SUPPLIED MATERIAL START

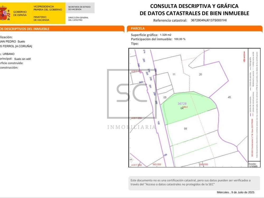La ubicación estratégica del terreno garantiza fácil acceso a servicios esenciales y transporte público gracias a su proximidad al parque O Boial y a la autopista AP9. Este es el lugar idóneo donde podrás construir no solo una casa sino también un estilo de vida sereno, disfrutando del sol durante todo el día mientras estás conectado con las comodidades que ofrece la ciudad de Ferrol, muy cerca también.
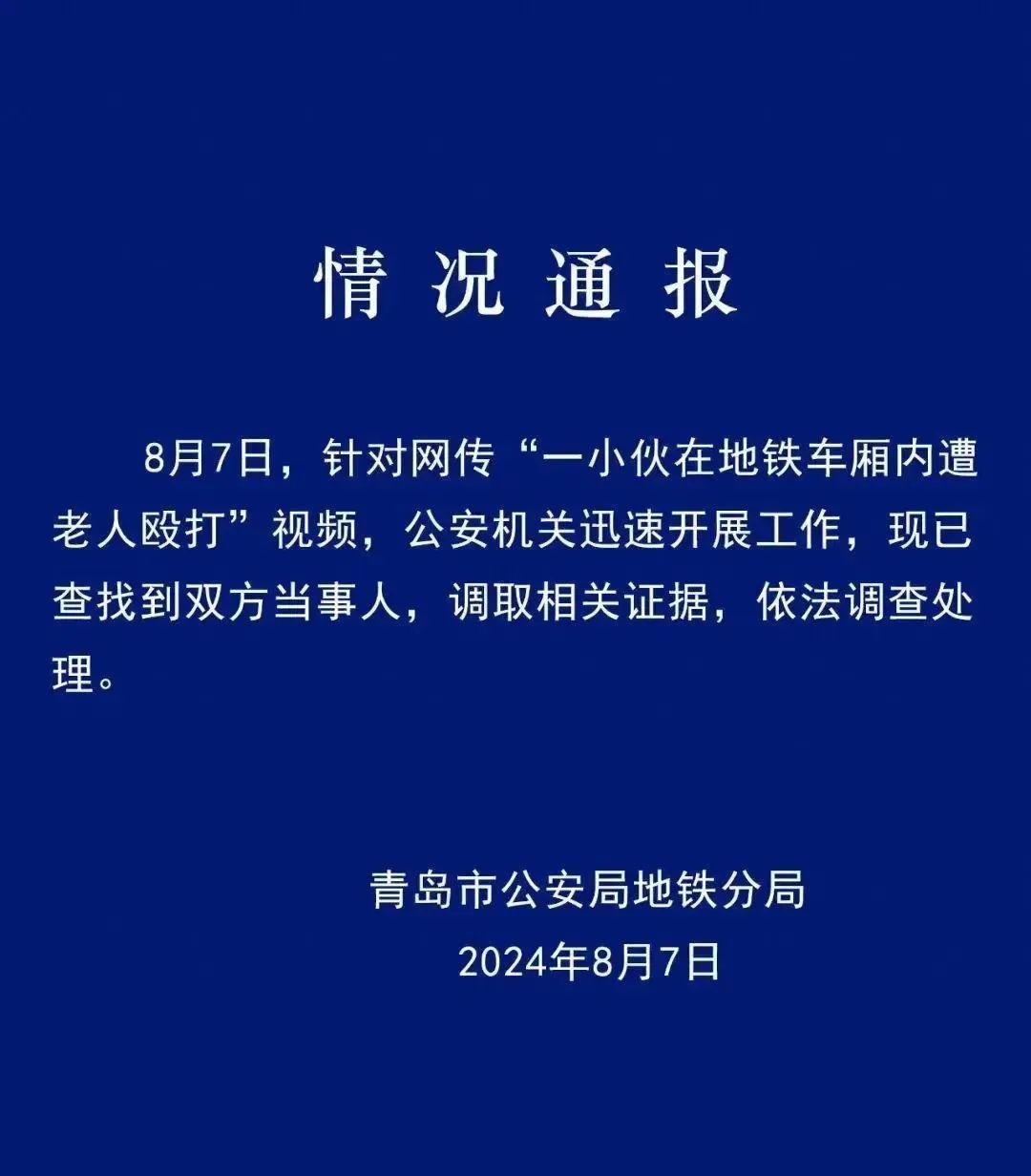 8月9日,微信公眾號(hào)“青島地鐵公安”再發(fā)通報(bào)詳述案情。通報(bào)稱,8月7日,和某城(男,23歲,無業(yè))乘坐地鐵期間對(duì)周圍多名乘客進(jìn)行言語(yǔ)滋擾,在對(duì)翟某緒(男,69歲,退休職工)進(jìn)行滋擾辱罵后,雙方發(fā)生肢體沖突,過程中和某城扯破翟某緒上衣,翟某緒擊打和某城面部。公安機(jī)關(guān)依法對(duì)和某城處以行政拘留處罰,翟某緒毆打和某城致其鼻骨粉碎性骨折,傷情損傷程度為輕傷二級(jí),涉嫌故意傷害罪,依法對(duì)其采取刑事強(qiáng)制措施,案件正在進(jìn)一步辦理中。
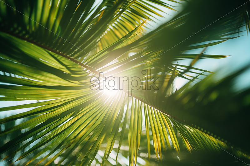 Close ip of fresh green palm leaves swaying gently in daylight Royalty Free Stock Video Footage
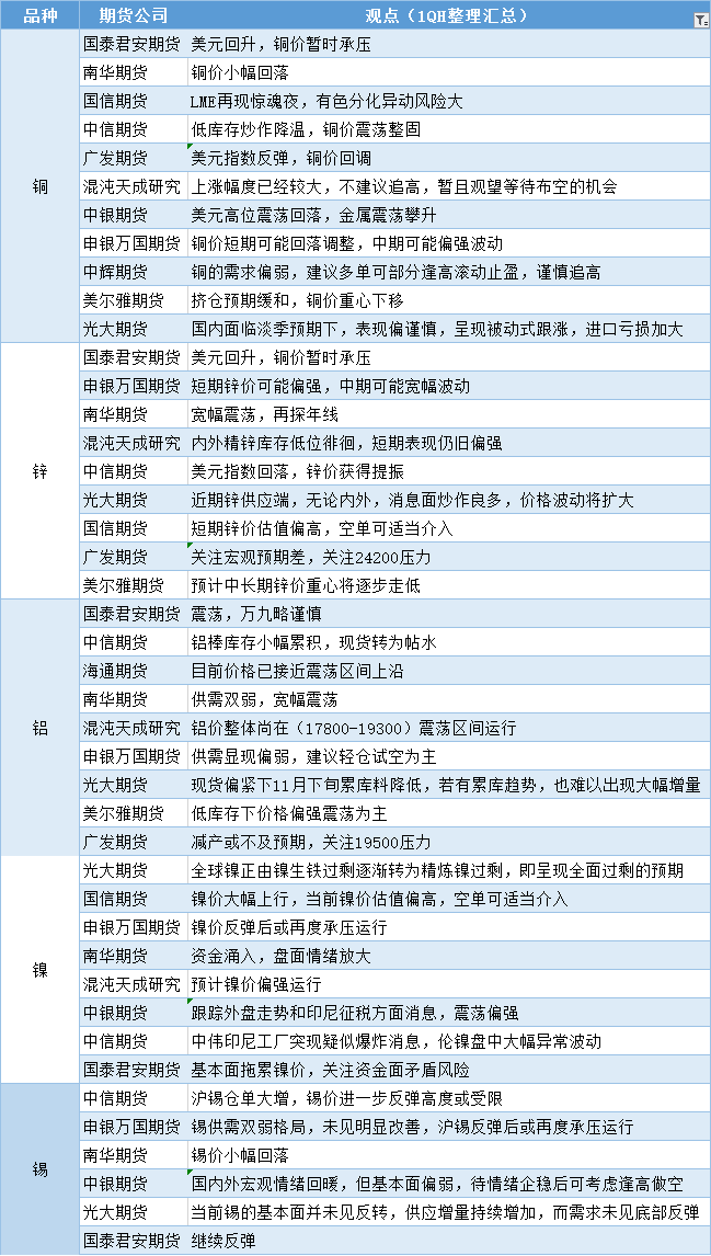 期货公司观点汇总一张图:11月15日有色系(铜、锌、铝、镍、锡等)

SUPPLIED MATERIAL END

■ **WHAT THIS TASK INVOLVES**
Output an exact copy of the material, with the pictures removed.

■ **YOUR SOLUTION**
La ubicación estratégica del terreno garantiza fácil acceso a servicios esenciales y transporte público gracias a su proximidad al parque O Boial y a la autopista AP9. Este es el lugar idóneo donde podrás construir no solo una casa sino también un estilo de vida sereno, disfrutando del sol durante todo el día mientras estás conectado con las comodidades que ofrece la ciudad de Ferrol, muy cerca también.
 8月9日,微信公眾號(hào)“青島地鐵公安”再發(fā)通報(bào)詳述案情。通報(bào)稱,8月7日,和某城(男,23歲,無業(yè))乘坐地鐵期間對(duì)周圍多名乘客進(jìn)行言語(yǔ)滋擾,在對(duì)翟某緒(男,69歲,退休職工)進(jìn)行滋擾辱罵后,雙方發(fā)生肢體沖突,過程中和某城扯破翟某緒上衣,翟某緒擊打和某城面部。公安機(jī)關(guān)依法對(duì)和某城處以行政拘留處罰,翟某緒毆打和某城致其鼻骨粉碎性骨折,傷情損傷程度為輕傷二級(jí),涉嫌故意傷害罪,依法對(duì)其采取刑事強(qiáng)制措施,案件正在進(jìn)一步辦理中。
 Close ip of fresh green palm leaves swaying gently in daylight Royalty Free Stock Video Footage
 期货公司观点汇总一张图:11月15日有色系(铜、锌、铝、镍、锡等)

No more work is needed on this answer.